The Captain’s Project – Waiting For the Moon
The Captain’s Project has a new album that’s an incredibly timeless sounding creation. It’s easygoing and will make you feel you’re being treated to a Friday night back country campfire gig – a perennial favorite way to listen to music, enveloped in darkness with stars all around as backdrop. The Captain’s Project is the brainchild of Portland area musician James Cook, and most of the lyrics on the album spring from his many and various particular experiences especially in the wilds of nature, and often in Northern Oregon.
“Really Hard to Find” immediately puts you at ease. The guitar is melodious, almost like listening to your own stream of consciousness, and it’s punctuated by simple muted horns, as James sings of an ideal, but as yet unknown connection, and “waiting for the right moment to come, when I meet my lover / maybe it’s an easy road for some… you’re really hard to find.”
“Out on the Minam” is an ode to the Minam River in Oregon, one of those rare spaces where you can get away from life and just be out on your own, maybe see an eagle. Thankfully there are still places we can go to find peace in nature and this song, and as such, it’s highly relatable. James wrote this as a homage to time he spent traveling through the Minam River Valley and its bordering wilderness in Northeast Oregon. There, he lived and worked at a lodge that could only be accessed by bush plane. James passed many moons there, building trails, chopping wood, and luckily for music lovers, composing songs by firelight.

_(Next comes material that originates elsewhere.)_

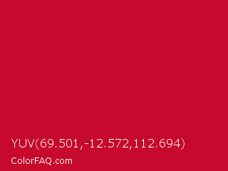 YUV 69.501,-12.572,112.694 Color is a normal red color and the nearest color is Red NCS #c40233. Hex code #c6092c and RGB value is rgb(198,9,44). In RGB color space, this color is composed of 78% red, 4% green, 17% blue, In CMYK color space, this color is composed of 0% cyan, 95% magenta, 78% yellow , 22% black , In HSL color space, this color has a hue angle of 349° , 91% saturation and 41% lightness.
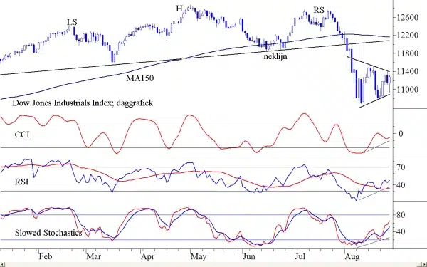 Het dubbele bodempatroon is in de afgelopen week geëvolueerd tot een gelijkbenige driehoek. Het ziet er nu naar uit dat deze driehoek het keerpunt gaat worden. Om bij het begin te beginnen wijzen wij u op de Kop en Schouderformatie die zich sinds maart gevormd heeft. Op 2 augustus volgde de uitbraak. Er kon toen een doel worden berekend van 10.800. Vijf dagen later werd dit doel bereikt. De beurs sloot toen op 10.605. Daarna geraakte de beurs in een consolidatiepatroon.

“There’s No Rain” addresses that sense of euphoria that buoys us when we’re in early phases of falling love. Nothing sorrowful seems to really be able to spoil that state “the rain never seems to come down.” “The River” envisions a river as the lifeblood of Mother Earth with her waters, a metaphor for the waters that carry us from birth to death, and back into the Earth again. The steel strings of the guitar evoke the winding river bank as sings that “no matter what you do, the sea will great you one day, and the river flowing through my heart is you.”
The title track describes a time James hiked with his telescope on a solo journey into the Warner Mountains in Northeastern California to peer into the night sky. He trekked up to a 7,000 mile elevation seeking the clearest most unpolluted view. “Waiting For The Moon” was written as an ode to the musician astronomer having to wait for the moon to duck behind the mountain. This song was born as James waited by the fire for the moon to yield to darkness.
The instruments on the album are rich and historied. The guitar is James’ 1931 National Tenor Resonator Guitar and his 100 year old upright bass also provides lush resonance. Against this backdrop, James’ philosophical, pensive and guileless songwriting shines through in simple splendor.
Find the music here: https://mudporch.bandcamp.com/album/waiting-for-the-moon
Musicians on the album are James Cook on tenor guitar, vocals, and upright bass; Mike Danner on keyboards; Paul Brainard (The Decemberists, Alejandro Escovedo) on pedal steel guitar, and trumpet; Willie Mathis on saxophone; and Scott Van Schlick on trombone.
Waiting For the Moon was engineered and produced by Mike Danner at Mike’s Garage in Portland, Orgon, and mastered by Jon Neufeld at Treehouse Mastering.